Xinjiang Salty Milk TeaXinjiang salty milk tea is made by boiling brick tea or black tea with fresh milk and a适量 of salt. Ingredients include tea, milk, and salt. Brew tea to extract its essence, add milk, then season with salt to taste, stir well, and serve.
Vegetarian Pilaf DelightVegetarian pilaf made with rice, carrots, onions, green peas, and potatoes, stir-fried with seasonings and steamed. Ingredients blend evenly, with distinct rice grains and rich flavor.
Desert Gobi Meat PilafThis dish is primarily made with minced lamb or beef, combined with rice, onions, carrots, potatoes, and other vegetables. After sautéing the meat with appropriate spices, it is cooked together with rice in a pot. First, the minced meat is stir-fried to release its oil, then chopped vegetables are added and stir-fried until tender. Finally, the seasoned meat mixture is mixed with washed rice, water is added, and it is simmered until fully cooked.
Spicy Numbing ChickenSpicy麻 Chicken is made with chicken as the main ingredient, boiled and cut into pieces, then mixed with Sichuan pepper, chili, scallions, ginger, garlic and other seasonings. The chicken is tender and juicy, with a prominent numbing and spicy flavor, offering a rich and diverse taste.
Oasis Lamb Rack PilafOasis Lamb Rib Pilaf is primarily made with lamb ribs and rice, accompanied by辅料 such as onions, carrots, and potatoes.
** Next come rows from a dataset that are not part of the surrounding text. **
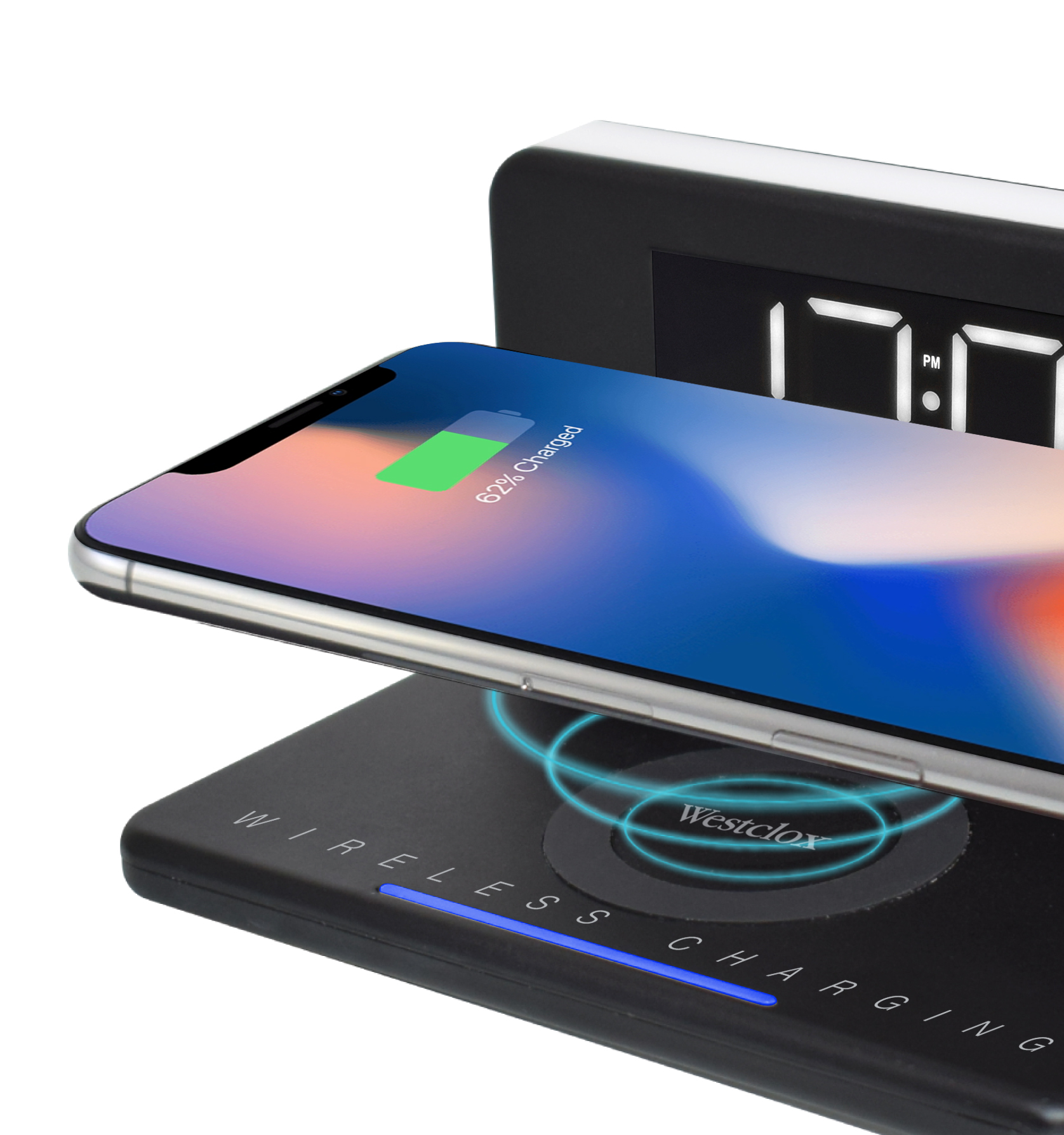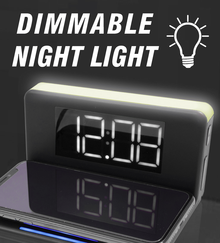 The Westclox Compact Black Alarm Clock with Qi Wireless Charging a LED Night Light and USB Charging Port is a must have. It has a Alarm Clock with 5 Minute Snooze, You can charge your devices through the built in QI Wireless Charging Pad or USB Port, The display brightness automatically and dims between Midnight and 7am not to disturb your sleep, This also has a Night Light with 3 different levels of Brightness.
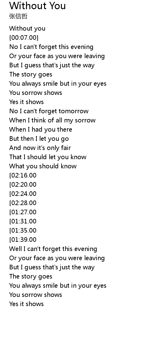 | [03:08.00][02:20.00][01:15.00] | If living is without you |
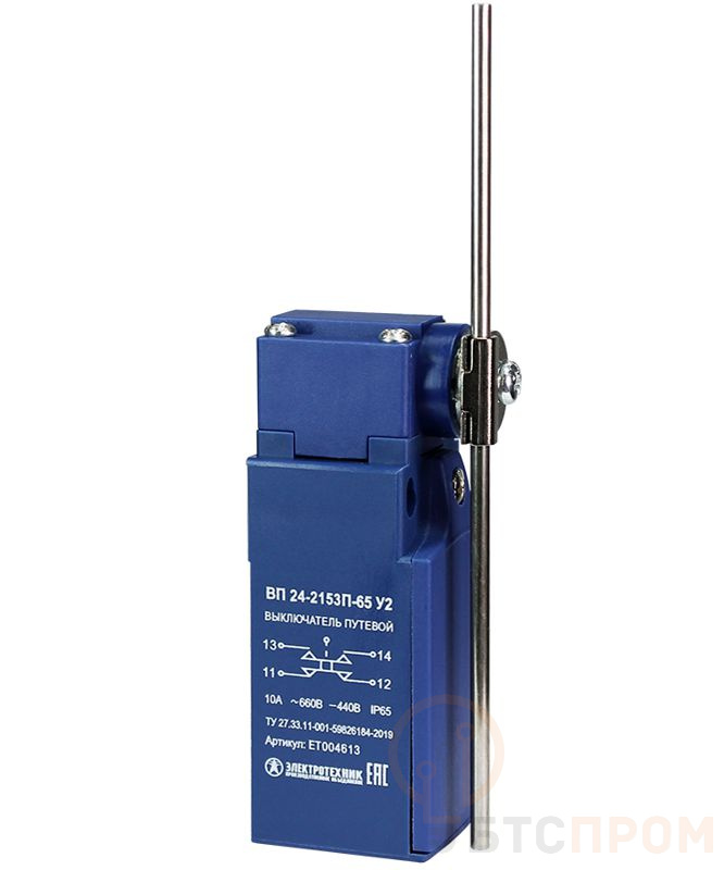 Выключатель путевой ВП 24-2153П-65 У2 1НО+1НЗ 3А IP65 круглый стальной рычаг 20мм без сальника Электротехник ET004613
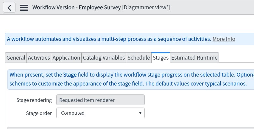 When a catalog item is requested and when it creates RITM, the RITM Stage field shows the stage in which workflow is currently at.
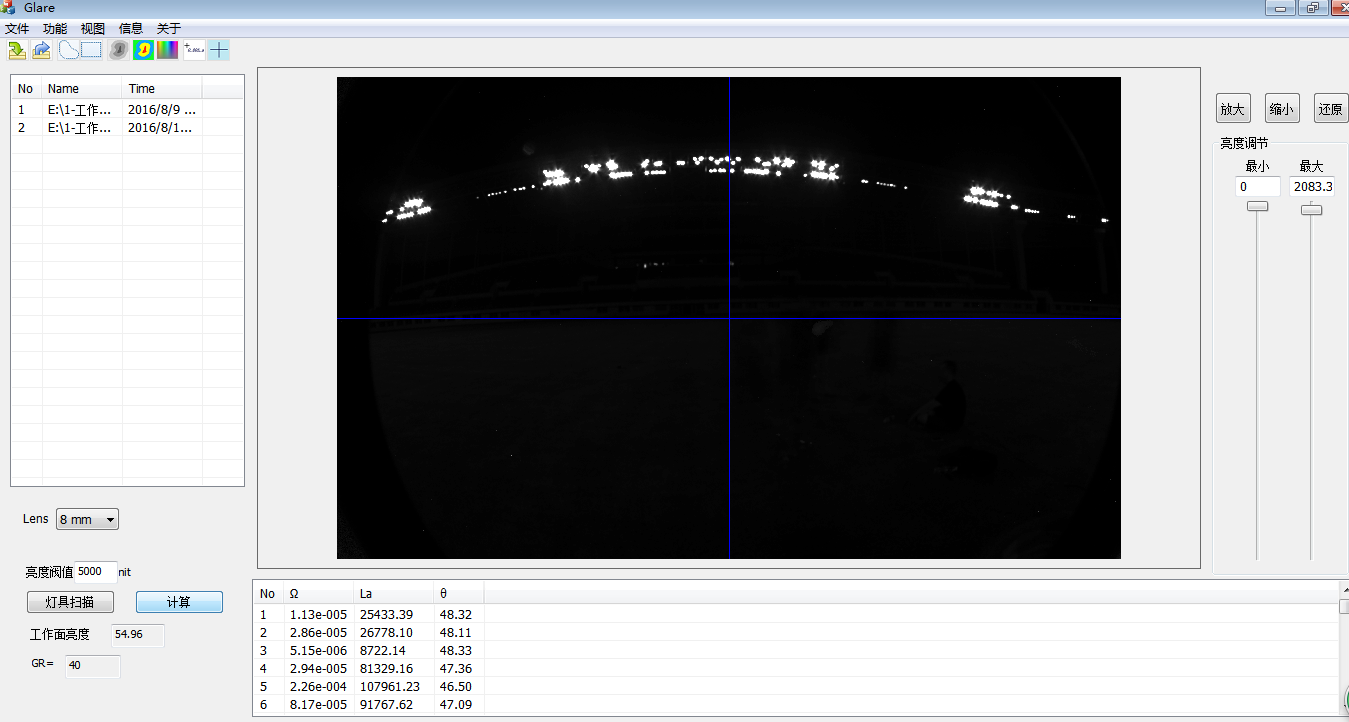 眩光測試已經成為世界各國在建筑照明和道路照明上重點關注的項目, 快速準確得到眩光值已迫在眉睫。為解決眩光快速準確測試的難題,北京卓立漢光儀器有限公司針對此難題開發了眩光測試系統及眩光測試軟件。眩光測試軟件主要通過分析成像亮度計的影像信息,對法規規定的眩光評價指標(統一眩光值UGR,眩光值GR,道路照明閾值增量Ti)進行計算和測量。
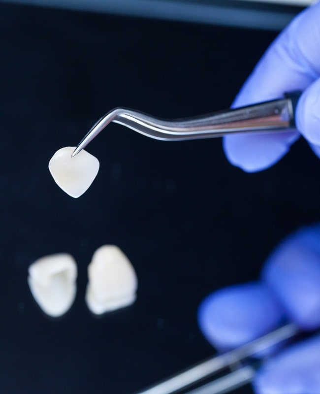 Dental veneers are customized shells that fit over the front of the teeth to improve their appearance. Used on the front teeth, these shells can be bonded directly to the teeth, giving a natural, even look to the smile. Once they are applied, veneers are more resistant to staining, can be cared for easily with at-home tools and techniques, and can last 10 to 15 years with good dental care.
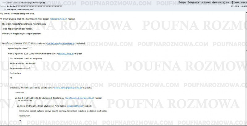 "Jeżeli w ten sposób pytasz mnie o pomysł książki, pomocy, konsultacji, to już nie ma żadnej możliwości" – pisze do Doroty Kani, wówczas zatrudnionej w "Gazecie Polskiej" i TV Republika Piotr Bączek, szef Agencji Wywiadu Wojskowego.
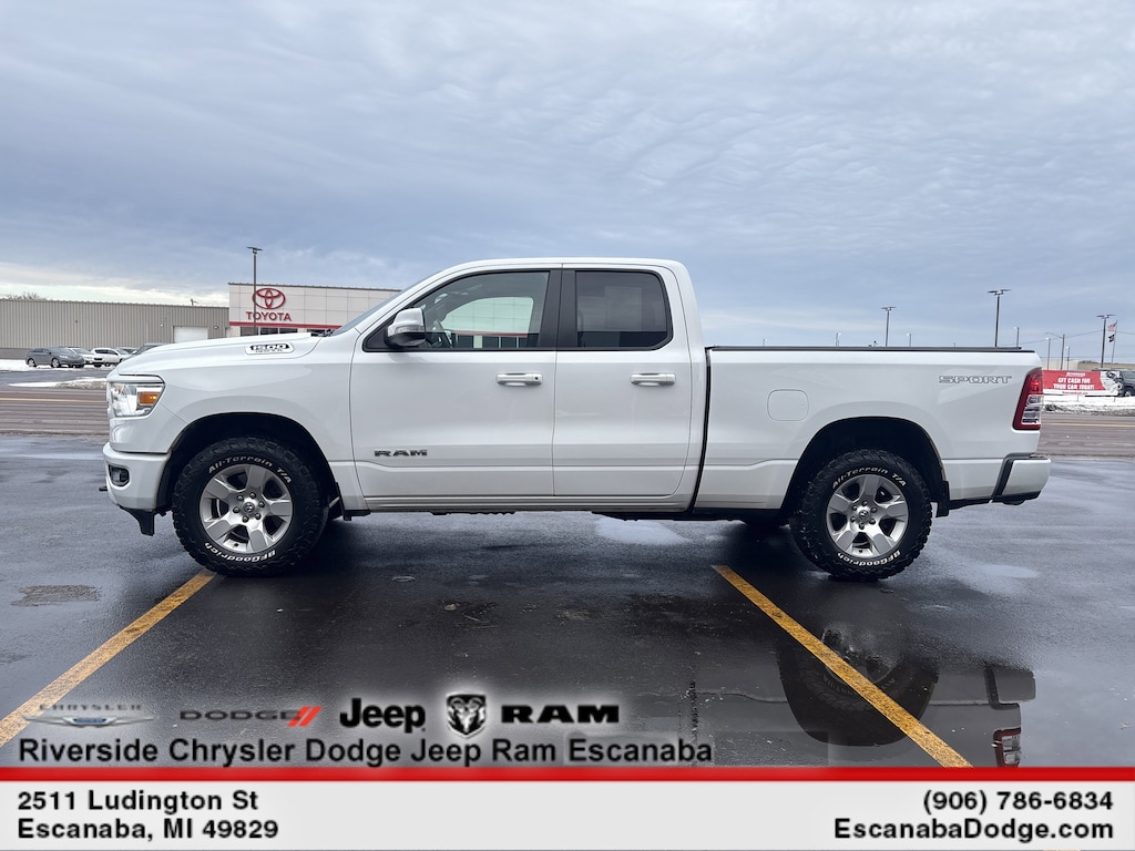 ENGINE: 5.7L V8 HEMI MDS VVT Active Noise Control System, Heavy Duty Engine Cooling, Passive Tuned Mass Damper, GVWR: 7,100 lbs, Dual Rear Exhaust w/Bright Tips, HEMI Badge, 26 Gallon Fuel Tank, BIG HORN LEVEL 1 EQUIPMENT GROUP Google Android Auto®, SiriusXM Radio Service, Bluetooth® Handsfree Phone & Audio, USB Host Flip, Rear Window Defroster, Integrated Center Stack Radio, Rear View Auto Dim Mirror, For Details, Visit DriveUconnect.com, Power Adjustable Pedals, For More Info, Call 800-643-2112, Rear Power Sliding Window, Rear Dome w/On/Off Switch Lamp, Connectivity - US/Canada, Glove Box Lamp, 4G LTE Wi-Fi Hot Spot, Exterior Mirrors w/Heating Element, Power 8-Way Driver Seat, Auto Dim Exterior Driver Mirror, Radio: Uconnect 5 W w/8.4 Display, 8.4 Touchscreen Display, Class IV Receiver Hitch, Black Premium Power Mirrors, Apple CarPlay®, Big Horn IP Badge, SiriusXM Satellite Radio, Exterior Mirrors w/Supplemental Signals, Exterior Mirrors Courtesy Lamps, Universal Garage Door, BLACK, DELUXE CLOTH BUCKET SEATS Power 8-Way Driver Seat, Bucket Seats, Full Length Floor Console, Delete LED Lamp - Floor Console Bin, Power 2-Way Driver Lumbar Adjust, ANTI-SPIN DIFFERENTIAL REAR AXLE, PROTECTION GROUP Transfer Case Skid Plate, Steering Gear Skid Plate, Front Suspension Skid Plate, Fuel Tank Skid Plate, Tow Hooks, REMOTE START SYSTEM, TRANSMISSION: 8-SPEED AUTOMATIC (8HP75). Ram Big Horn with Bright White Clearcoat exterior and Black interior features a 8 Cylinder Engine with 305 HP at 6400 RPM*.
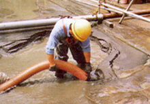強力吸引で、汚泥の大量吸引・河川の浚渫作業・水門の沈砂回収・浄水場の沈砂回収・各種ピットの汚泥回収等の作業をおこないます。
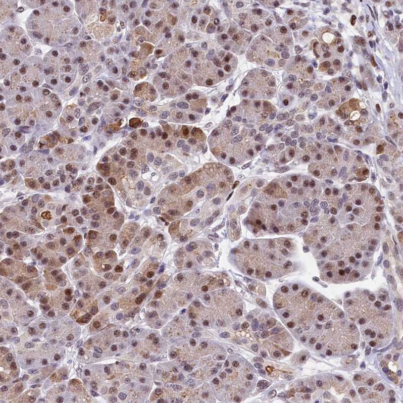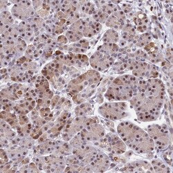 - Immunohistochemical analysis of HECTD4 in human pancreas using HECTD4 Polyclonal Antibody (Product # PA5-59413) shows moderate nuclear and cytoplasmic positivity in exocrine glandular cells.
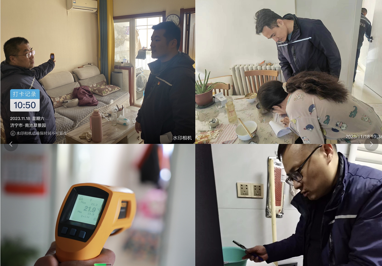 活動開始前,四和供熱黨支部書記向全體黨員闡述了此次活動的意義和目的,明確了活動的要求和安排,表達了為用戶提供優(yōu)質(zhì)供熱服務(wù)的堅定決心和信心。隨后,領(lǐng)導(dǎo)班子成員帶隊前往九九花園、鳳凰城、水韻城等多個供熱轄區(qū)開展入戶走訪活動,并對邊角樓頭、頂層及底層用戶進行重點摸排走訪。在入戶走訪的過程中,黨員志愿者們主動亮身份、當(dāng)先鋒,積極認(rèn)領(lǐng)工作任務(wù),分組分樓逐一開展排查,現(xiàn)場測量室內(nèi)溫度、詢問用戶家中供熱情況,幫助用戶檢修室內(nèi)采暖設(shè)施,面對面、心貼心地與用戶進行“零距離”溝通交流,傾聽記錄用戶的意見建議,為用戶講解供熱相關(guān)的知識和注意事項,積極宣傳推廣“濟時熱”小程序,讓用戶體驗更加快捷、高效的報修服務(wù)。同時發(fā)放集合了水、電、氣、暖等多種民生服務(wù)聯(lián)絡(luò)方式于一體的最新優(yōu)化升級的綜合便民服務(wù)卡,方便用戶咨詢解決各類訴求問題。
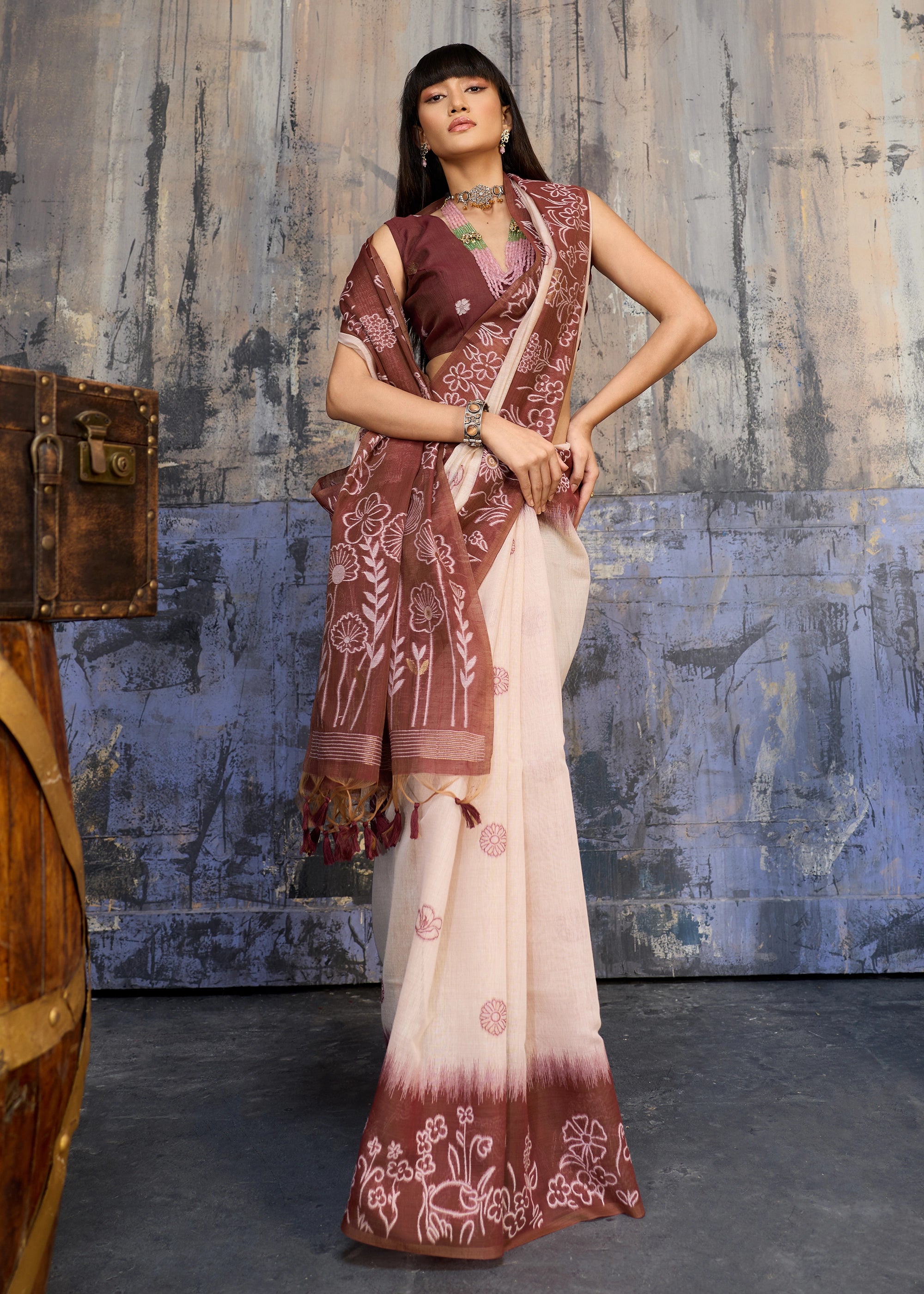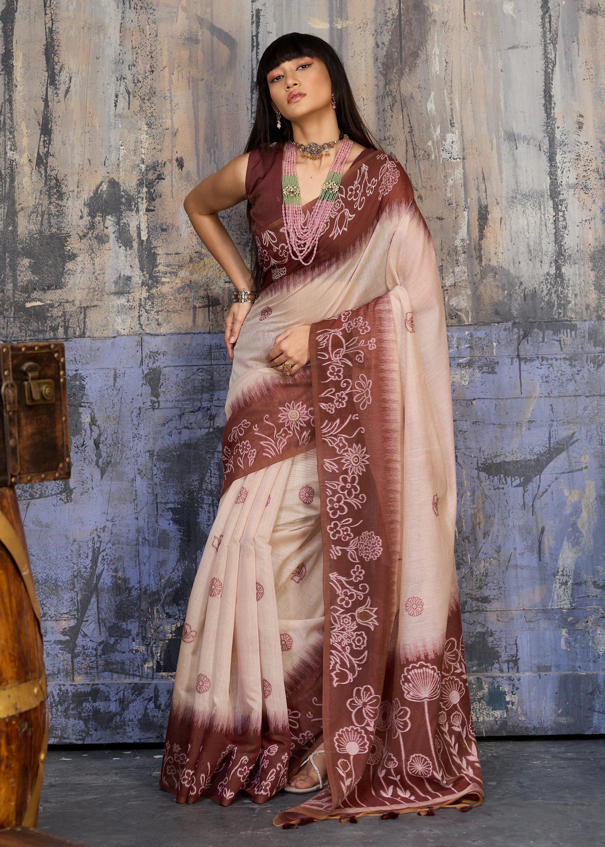 Coffee Brown Printed Cotton Silk Saree
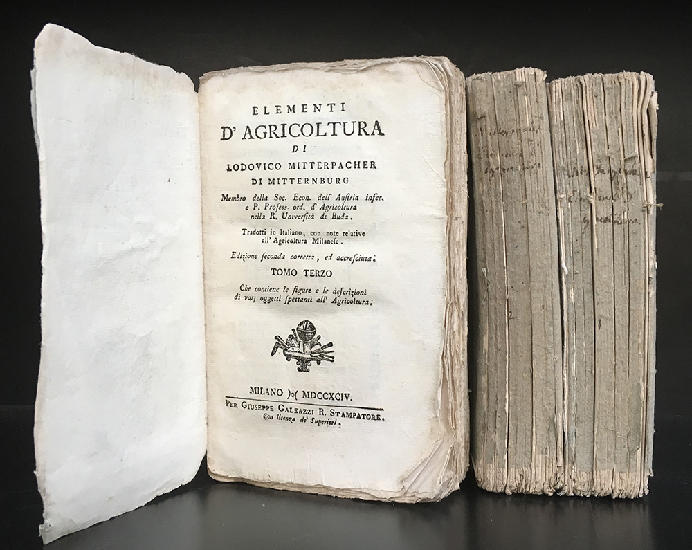 MITTERPACHER, Ludwig. Elementi d'agricoltura, tradotti in italiano, con note relative all'agricoltura Milanese. Milano: Giuseppe Galeazzi, 1794. 3 volumi, 8vo, brossura originale azzurra. Non collazionato e difetti da esaminare.

The lamb ribs are first marinated, then pan-fried or grilled, before being simmered together with cooked rice and vegetables to allow the rice to absorb the meaty aroma and the natural sweetness of the vegetables.
Spinach Wheat Gluten NoodlesSpinach and gluten noodles is a dish primarily made with fresh spinach and homemade gluten. The spinach is washed and cut into segments, while the gluten is made from flour through a special process, giving it a chewy texture. In cooking, the gluten is first boiled until cooked through, then quickly stir-fried with the spinach to preserve its bright green color and crisp texture.
Golden Chicken Leg PilafGolden Chicken Leg Pilaf is made primarily with chicken thighs, combined with rice, carrots, onions, and other ingredients. After stir-frying, it is mixed with rice and simmered to perfection. The chicken thighs are marinated and pan-fried until golden brown, then cooked together with vegetables and rice, allowing the rice to absorb the rich flavors of both the chicken and vegetables.